Birth palsy in congenital varicella syndrome: A lesson in an
Brachial plexus palsy presenting from birth is almost always attributed to trauma sustained during childbirth. Rarely, however, the paralysis may be due to in utero causes including agenesis of the cervical spinal nerve roots and various maternal infections. Maternal varicella (chickenpox) infection is well established to be a cause of various foetal deformations that are grouped under the moniker of ‘Congenital Varicella Syndrome’ (CVS). CVS involves the skin, the eyes, the limbs and the nervous system. Published in the Indian Journal of Plastic Journal the authors describe a child with CVS with associated upper brachial plexus palsy and Horner's syndrome.

Of note was a characteristic set of features that defined the patho-anatomy of the viral infection clearly. The possible site of origin of, and the literature on, each feature is then reviewed.

A 17-month-old first-born female child presented to the brachial plexus clinic with complaints of weakness of the right shoulder and elbow, noticed from birth. Hand and wrist movements were present at birth. No improvement in the movements over these 17 months was reported.

The paresis was accompanied by a prominent scar over the entire limb from the shoulder to the thumb. Both the thumb and index finger were also hypoplastic, apart from the scarring. The skin scar was reported to be bright red at birth (no pictures were available) that had lightened over time.

The child also had a ptosis of the right eye with lighter pigmentation of the iris as compared to the other eye. The iris was reported to be paler at birth and had apparently improved in pigmentation with growth. The mother had developed chickenpox after the 3rd month of pregnancy (week 13) that had been treated symptomatically. No antivirals or immunisation had been administered.

On examination, the general development was confirmed appropriate for age. The following clinical features were noted:

• The eye: Ptosis, miosis and enophthalmos were present in the right eye. The iris was light brown in colour compared to black on the left side

• The skin: The skin over the entire pre-axial border of the upper limb was scarred from the shoulder to the hand, including the hypoplastic thumb and index fingers

• Right upper limb: The limb was held in the classic ‘waiter's tip’ position described for an upper brachial plexus palsy. No active shoulder abduction or external rotation was present. Adduction and internal rotation were present but weak. The elbow was held fully extended with no active flexion and had good extension power. The wrist and the fingers showed full movements.

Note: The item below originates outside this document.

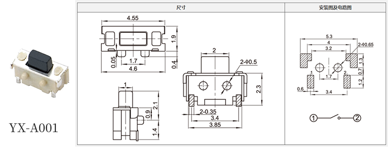 上一篇:YX-A002型号1.8*4.55轻触开关

Given the age of the child, an exploration of the brachial plexus was not indicated. However, an Oberlin's nerve transfer could possibly be performed to attempt restoration of elbow flexion. Hence, the arm was explored for the status of the musculocutaneous nerve.

During surgery, the biceps was found to be completely pale and had undergone a severe fatty degeneration. Hence, the plan of nerve transfer was abandoned. The thumb was made more functional by phalangisation. The first web was released by a Gilles' hatchet flap, and a full-thickness graft was placed.